WHAT YOU NEED TO DO:
Look below for the line that contains "Materiál: Nerez AISI" and the line that contains "- Legg til MeshCollider-komponenten", then restate both of them and every line in between, exactly. No picture goes in the copy.

DATA IN THIS EXERCISE:
===============

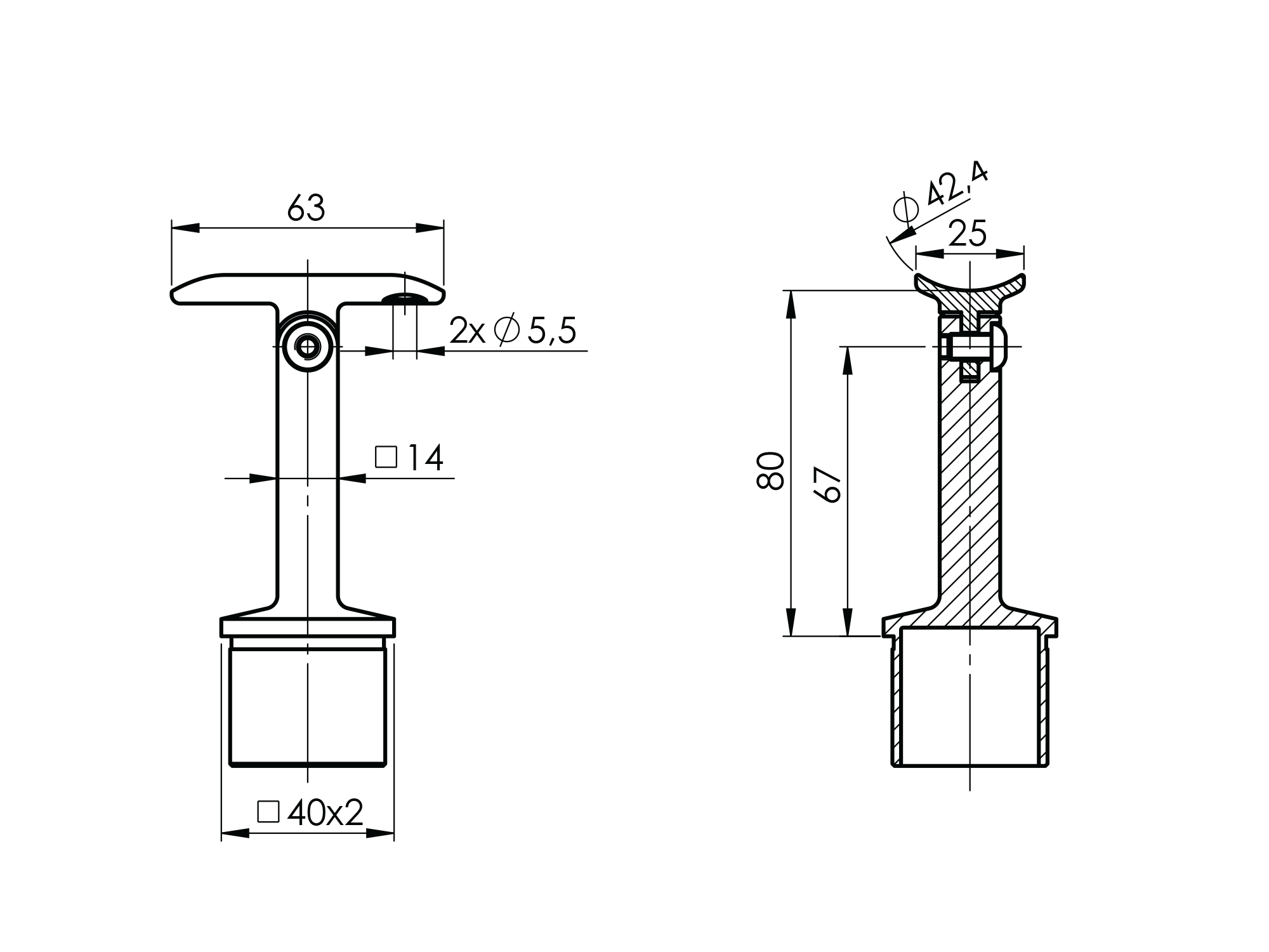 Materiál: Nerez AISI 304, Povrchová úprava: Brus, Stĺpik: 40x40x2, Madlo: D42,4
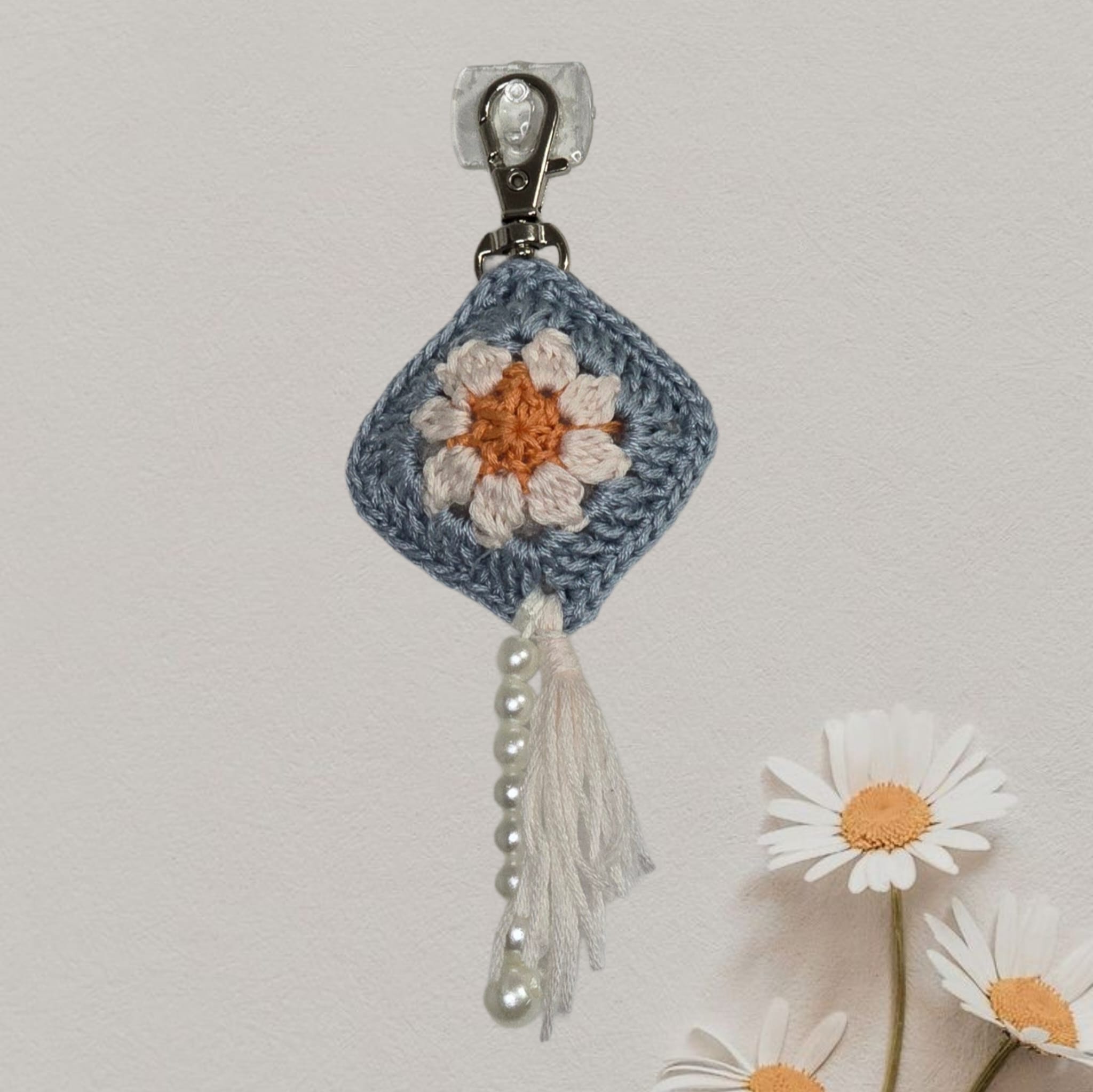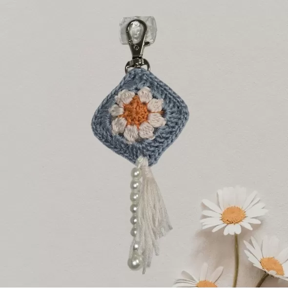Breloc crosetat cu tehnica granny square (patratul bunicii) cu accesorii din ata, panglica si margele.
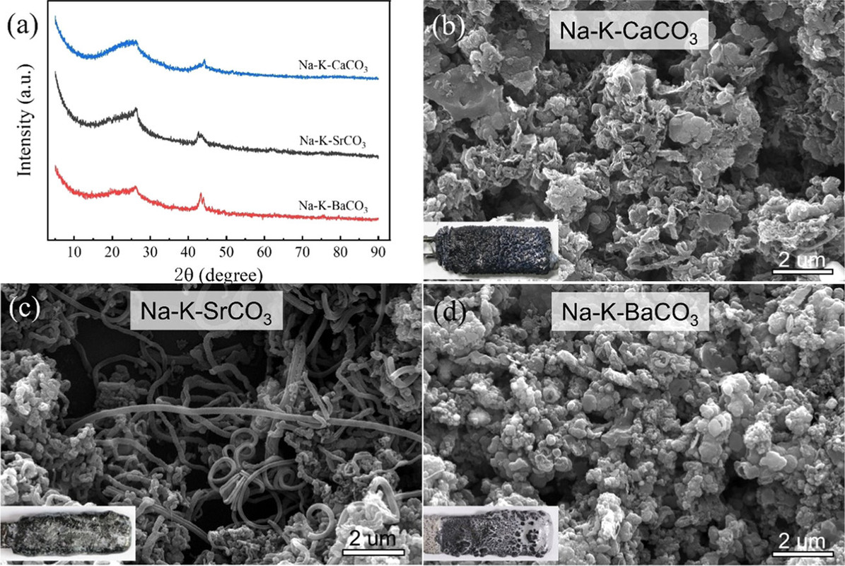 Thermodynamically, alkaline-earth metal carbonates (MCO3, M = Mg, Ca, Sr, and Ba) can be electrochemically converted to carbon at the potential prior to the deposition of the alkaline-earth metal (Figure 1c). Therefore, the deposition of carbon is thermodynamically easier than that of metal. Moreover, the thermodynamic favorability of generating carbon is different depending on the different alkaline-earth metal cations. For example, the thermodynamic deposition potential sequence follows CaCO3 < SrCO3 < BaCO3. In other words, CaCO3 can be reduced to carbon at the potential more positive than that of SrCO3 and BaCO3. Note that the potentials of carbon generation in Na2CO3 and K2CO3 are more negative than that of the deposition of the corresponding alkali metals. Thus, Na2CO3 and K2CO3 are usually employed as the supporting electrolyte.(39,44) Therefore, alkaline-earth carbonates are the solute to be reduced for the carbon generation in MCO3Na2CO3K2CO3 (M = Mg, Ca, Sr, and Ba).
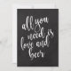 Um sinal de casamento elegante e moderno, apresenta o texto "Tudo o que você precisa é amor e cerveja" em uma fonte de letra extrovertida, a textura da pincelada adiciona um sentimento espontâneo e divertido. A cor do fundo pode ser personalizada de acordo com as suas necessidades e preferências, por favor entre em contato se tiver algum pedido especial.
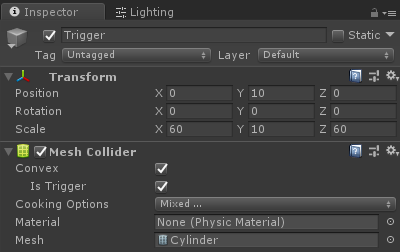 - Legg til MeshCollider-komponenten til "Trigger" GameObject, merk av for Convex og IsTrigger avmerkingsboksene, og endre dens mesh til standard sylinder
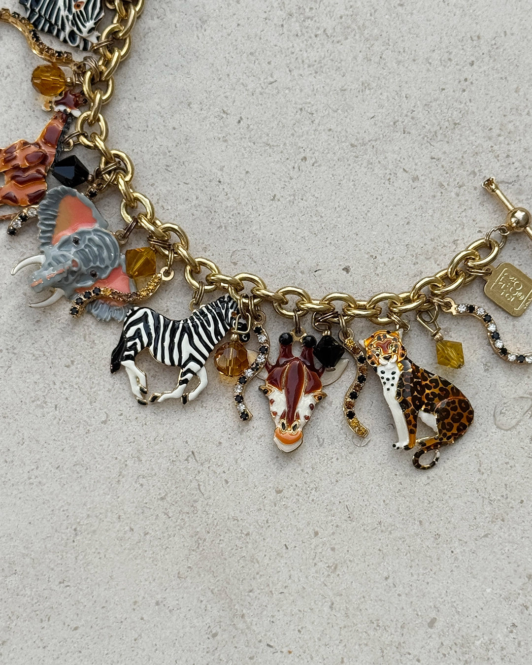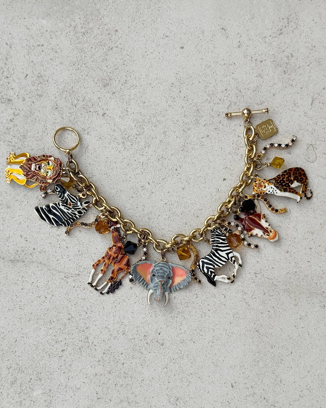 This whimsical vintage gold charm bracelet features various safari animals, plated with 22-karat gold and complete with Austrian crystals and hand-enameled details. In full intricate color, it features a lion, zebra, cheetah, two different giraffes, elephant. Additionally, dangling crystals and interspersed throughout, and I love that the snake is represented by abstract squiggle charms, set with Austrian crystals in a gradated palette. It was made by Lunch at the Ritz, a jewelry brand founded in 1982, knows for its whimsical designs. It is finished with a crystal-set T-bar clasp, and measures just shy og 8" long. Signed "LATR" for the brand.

===============

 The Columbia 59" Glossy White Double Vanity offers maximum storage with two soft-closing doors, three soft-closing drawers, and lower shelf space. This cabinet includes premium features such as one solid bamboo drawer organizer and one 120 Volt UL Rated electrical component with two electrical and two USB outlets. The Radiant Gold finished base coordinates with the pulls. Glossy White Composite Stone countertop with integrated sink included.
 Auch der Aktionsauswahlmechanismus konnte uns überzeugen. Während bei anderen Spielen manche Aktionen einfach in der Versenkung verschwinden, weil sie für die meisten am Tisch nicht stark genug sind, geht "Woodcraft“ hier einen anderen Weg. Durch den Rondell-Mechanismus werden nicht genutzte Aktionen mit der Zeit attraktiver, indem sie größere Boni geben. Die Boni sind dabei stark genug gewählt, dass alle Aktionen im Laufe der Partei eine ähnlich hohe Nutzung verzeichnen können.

===============

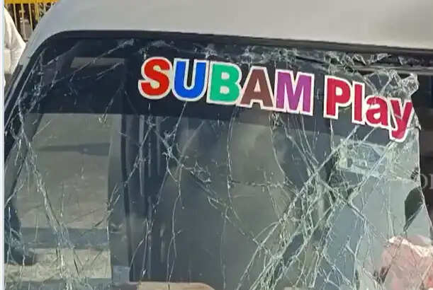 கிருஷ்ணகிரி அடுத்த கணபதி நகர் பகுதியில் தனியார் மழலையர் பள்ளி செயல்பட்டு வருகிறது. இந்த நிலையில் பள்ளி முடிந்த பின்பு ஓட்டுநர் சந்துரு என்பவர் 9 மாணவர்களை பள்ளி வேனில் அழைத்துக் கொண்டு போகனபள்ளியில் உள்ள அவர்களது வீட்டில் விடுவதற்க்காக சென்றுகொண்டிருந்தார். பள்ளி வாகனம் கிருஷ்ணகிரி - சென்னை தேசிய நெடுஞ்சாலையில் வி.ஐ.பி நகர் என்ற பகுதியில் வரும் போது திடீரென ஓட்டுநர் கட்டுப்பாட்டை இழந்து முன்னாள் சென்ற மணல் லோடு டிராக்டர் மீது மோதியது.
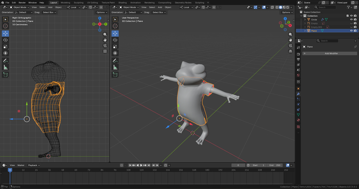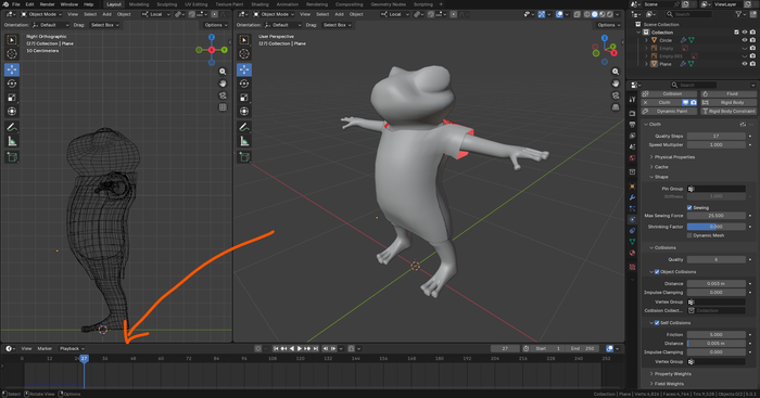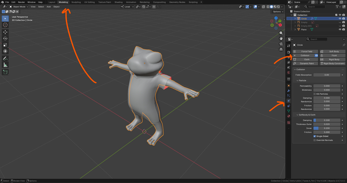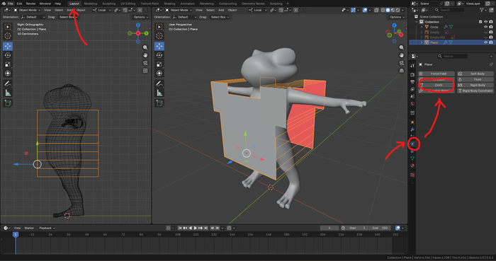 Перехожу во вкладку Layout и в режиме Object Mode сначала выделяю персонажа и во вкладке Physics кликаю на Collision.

===============

SOLUTION TO THE EXERCISE:
 Materiál: Nerez AISI 304, Povrchová úprava: Brus, Stĺpik: 40x40x2, Madlo: D42,4
Breloc crosetat cu tehnica granny square (patratul bunicii) cu accesorii din ata, panglica si margele.
 Thermodynamically, alkaline-earth metal carbonates (MCO3, M = Mg, Ca, Sr, and Ba) can be electrochemically converted to carbon at the potential prior to the deposition of the alkaline-earth metal (Figure 1c). Therefore, the deposition of carbon is thermodynamically easier than that of metal. Moreover, the thermodynamic favorability of generating carbon is different depending on the different alkaline-earth metal cations. For example, the thermodynamic deposition potential sequence follows CaCO3 < SrCO3 < BaCO3. In other words, CaCO3 can be reduced to carbon at the potential more positive than that of SrCO3 and BaCO3. Note that the potentials of carbon generation in Na2CO3 and K2CO3 are more negative than that of the deposition of the corresponding alkali metals. Thus, Na2CO3 and K2CO3 are usually employed as the supporting electrolyte.(39,44) Therefore, alkaline-earth carbonates are the solute to be reduced for the carbon generation in MCO3Na2CO3K2CO3 (M = Mg, Ca, Sr, and Ba).
 Um sinal de casamento elegante e moderno, apresenta o texto "Tudo o que você precisa é amor e cerveja" em uma fonte de letra extrovertida, a textura da pincelada adiciona um sentimento espontâneo e divertido. A cor do fundo pode ser personalizada de acordo com as suas necessidades e preferências, por favor entre em contato se tiver algum pedido especial.
 - Legg til MeshCollider-komponenten til "Trigger" GameObject, merk av for Convex og IsTrigger avmerkingsboksene, og endre dens mesh til standard sylinder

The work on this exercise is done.